Sur quoi repose votre critique de la propriété intellectuelle ? Et dans quelle tradition intellectuelle s’inscrit-elle ?
question
reponse
Il est très facile de repérer la philosophie politique d’un auteur sur de nombreux sujets de droit. Ce n’est absolument pas le cas pour la propriété intellectuelle (PI) ! Parmi les opposants à la PI, on trouve tant des altermondialistes que des « anarcho-capitalistes » (qui considèrent qu’il faut supprimer tout État et laisser le marché en charge de s’auto-réguler). Ce constat de disparité des opinions vaut au sein d’une même communauté, c’est le cas des libéraux en France où l’on trouve des positionnements radicalement opposés.
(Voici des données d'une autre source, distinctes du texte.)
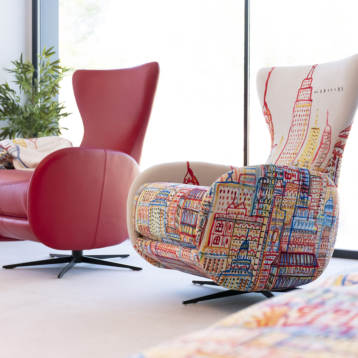 Η πολυθρόνα MONDRIAN κατασκευάζεται στην Ισπανία από την εταιρεία Fama Sofas και εισάγεται στην Ελλάδα από την εταιρεία ΜΑΥΡΟΣ.

En réalité, il y a deux façons de justifier les droits de propriété intellectuelle. La première, qui relève de ce que les juristes appellent le « jus naturalisme », consiste à dire qu’une création intellectuelle, au même titre qu’une création physique, peut et doit bénéficier d’une protection. C’est la force de travail injecté dans le processus créatif qui lui confère ce privilège. A mon avis, cette position ne tient pas dans la mesure où comme l’a si bien expliqué Locke, la notion de propriété est fondée sur celle de rareté. Or, il n’y a pas de rareté dans le domaine de la création intellectuelle : plusieurs personnes peuvent avoir la même idée en même temps, une même idée peut se nourrir de l’apport de plusieurs inventeurs… La seconde façon de justifier les droits de propriété intellectuelle, c’est de faire valoir le fait qu’ils stimulent la création et contribuent ainsi au bien-être de la société. Cette position « utilitariste » est, de mon point de vue, la seule valable… à condition toutefois de démontrer que les droits de propriété intellectuelle stimulent effectivement l’innovation ! Or, la démonstration n’est pas faite : à ma connaissance, il n’y a aucune étude française qui chiffre l’effet des droits de propriété sur l’innovation.